Exercise:
From the line containing "Panasonic Industry Europe" through the last line below, copy every line exactly, leaving out the pictures.

The data:
Segment Open
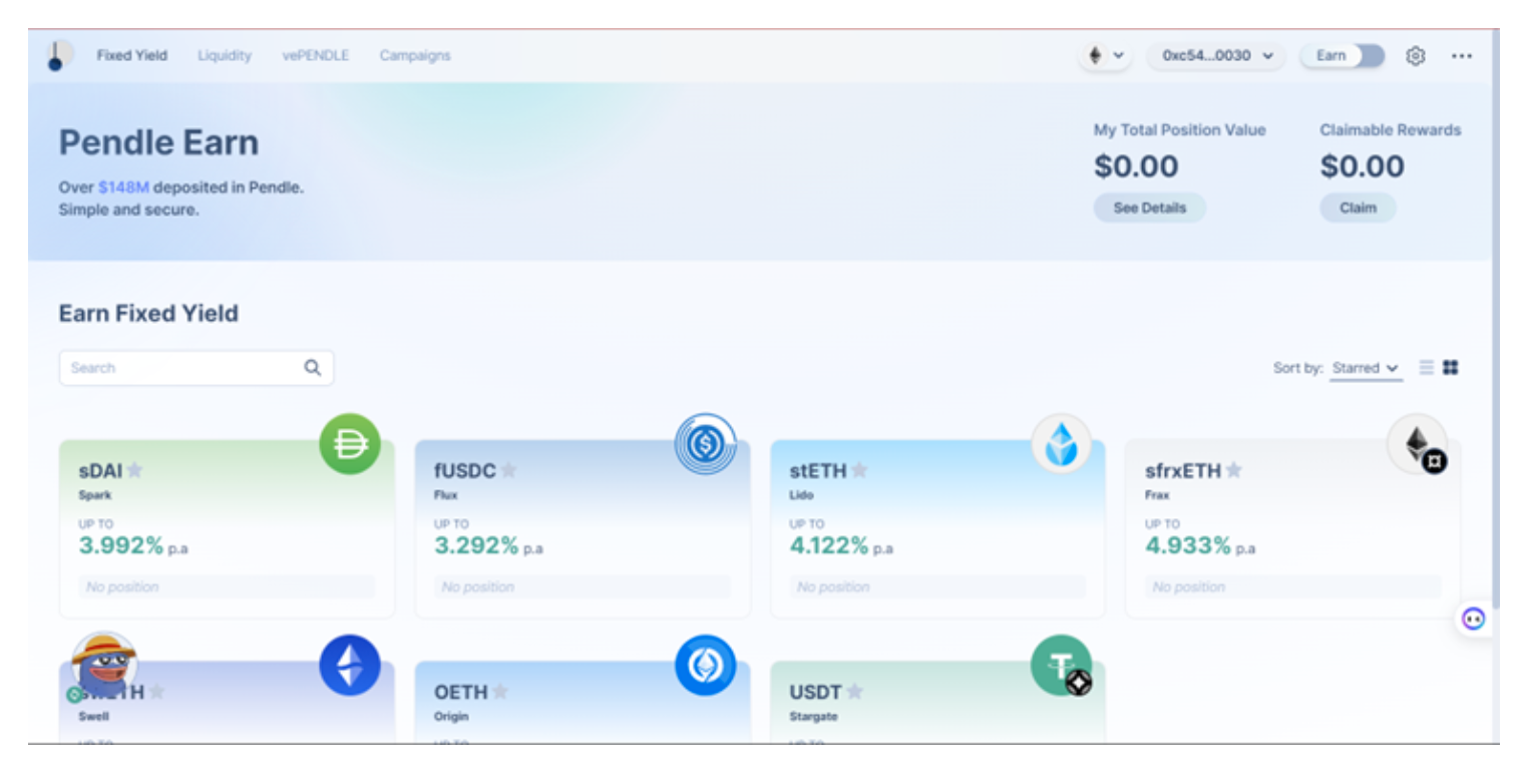 Earn 界面将适合不太了解衍生品但想要固定利率的用户。这是通过购买本金代币来实现的,其结构类似于零息债券。
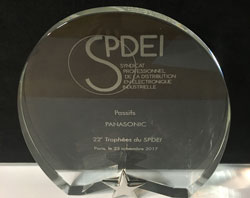 Panasonic Industry Europe est fier d’annoncer avoir remporté le Trophée du Meilleur fournisseur de composants passifs. La distinction, également obtenue par les colauréats TDK, Eaton, Kemet et Vishay, a été remise par le Syndicat Professionnel de la Distribution en Électronique Industrielle (SPDEI). Les Trophées du SPDEI, qui célébraient cette année leur 22e édition, ont été attribués suivant cinq critères : partenariat avec les distributeurs français ; innovation, prix, qualité et durabilité des produits ; rentabilité pour le distributeur ; ressources allouées pour assister le distributeur ; protection des designs. Sur les 120 fournisseurs nommés, 25 ont remporté un Trophée dans l’une des dix catégories de produits.
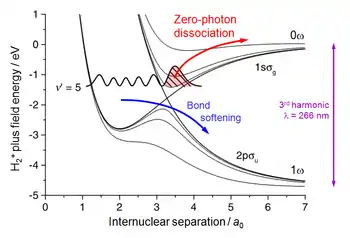 Even more striking challenge to the photon concept comes from the zero-photon dissociation process (ZPD), where nominally no photons are absorbed but some energy is still extracted from the laser field. To demonstrate this process, molecular hydrogen was exposed to 250 fs pulses of the 3rd harmonic of a Ti:Sapphire laser.[12] Since the photon energy was 3 times higher, the spacing of the energy curves shown in Fig. 1 was 3 times larger, replacing the 3-photon crossing with a 1-photon one, as shown in Fig. 4. As before, the laser field changed the crossing to anticrossing, bond softening was induced on its lower branch and bond hardening trapped a part of the vibrational wave packet on the upper branch. In increasing laser intensity the anticrossing gap was getting wider, lifting the wave packet to the 0ω limit and dissociating the molecule with very small KER.
Segment Closed
Solution for this task:
 Panasonic Industry Europe est fier d’annoncer avoir remporté le Trophée du Meilleur fournisseur de composants passifs. La distinction, également obtenue par les colauréats TDK, Eaton, Kemet et Vishay, a été remise par le Syndicat Professionnel de la Distribution en Électronique Industrielle (SPDEI). Les Trophées du SPDEI, qui célébraient cette année leur 22e édition, ont été attribués suivant cinq critères : partenariat avec les distributeurs français ; innovation, prix, qualité et durabilité des produits ; rentabilité pour le distributeur ; ressources allouées pour assister le distributeur ; protection des designs. Sur les 120 fournisseurs nommés, 25 ont remporté un Trophée dans l’une des dix catégories de produits.
 Even more striking challenge to the photon concept comes from the zero-photon dissociation process (ZPD), where nominally no photons are absorbed but some energy is still extracted from the laser field. To demonstrate this process, molecular hydrogen was exposed to 250 fs pulses of the 3rd harmonic of a Ti:Sapphire laser.[12] Since the photon energy was 3 times higher, the spacing of the energy curves shown in Fig. 1 was 3 times larger, replacing the 3-photon crossing with a 1-photon one, as shown in Fig. 4. As before, the laser field changed the crossing to anticrossing, bond softening was induced on its lower branch and bond hardening trapped a part of the vibrational wave packet on the upper branch. In increasing laser intensity the anticrossing gap was getting wider, lifting the wave packet to the 0ω limit and dissociating the molecule with very small KER.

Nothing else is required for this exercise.